How does splitting a matrix in blocks improve cache hits?

Question

I am trying to understand the concepts of caches and blocking in matrix. I am trying to transpose a matrix.

I understand the concept of row-wise memory layout, so I get that when I am trying to access the data row-wise, I get fewer cache-misses as compared to column wise.

  for( int i = 0; i < n; i++ )

    for( int j = 0; j < n; j++ )

      destination[j+i*n] = source[i+j*n];

So for the source matrix, I will have fewer cache misses, while for destination I will have more cache misses.

---

Here is code with blocking

for (int i = 0; i < n; i += blocksize) {
    for (int j = 0; j < n; j += blocksize) {
        // transpose the block beginning at [i,j]
        for (int k = i; k < i + blocksize; ++k) {
            for (int l = j; l < j + blocksize; ++l) {
                dst[k + l*n] = src[l + k*n];
            }
        }
    }
}

The code above makes use of blocking technique. I can't quite understand how does blocking help with the performance?

Answer 1

Yes, you'll have more cache hits on one side than on the other.

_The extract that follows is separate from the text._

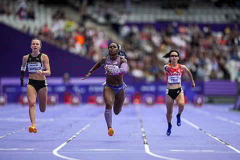 Brittni Mason from the U.S., centre, competes in the women's 100 m. T47 during the 2024 Paralympics in Paris, France.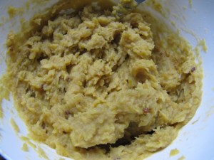 - Se pone en el centro de la hoja unas 3-4 cucharadas del guiso de cazón (que tiene que estar frío, porque de lo contrario va a romper la masa), dejando unos buenos bordes como se muestra en la foto de abajo. La diferencia de posición del guiso que ven en la foto es simplemente la cocinera experimentando para ver cómo se enrollaba mejor la pasta. No hubo diferencia sustancial…

The trick, though is to break it into small enough pieces, so that, they can be 'reused' while processing.

E.g. in the example above, we'll have 1 cache miss on src matrix and 4 on dst size (I've picked cache line size of 4 elements and block size of 4 elements, but that's just coincidence).

If the cache size is greater than 5 lines, we will have no more misses while processing the line.

If the cache size is smaller than that, there will be more misses as the lines will be crowding out each other. In this case src will stay in cache as more used and dst one's will be dropped thus giving us 16 misses on dst side. 5 looks better than 17 :)

So by controlling the size of the block being low enough, we can have reduce cache miss rate.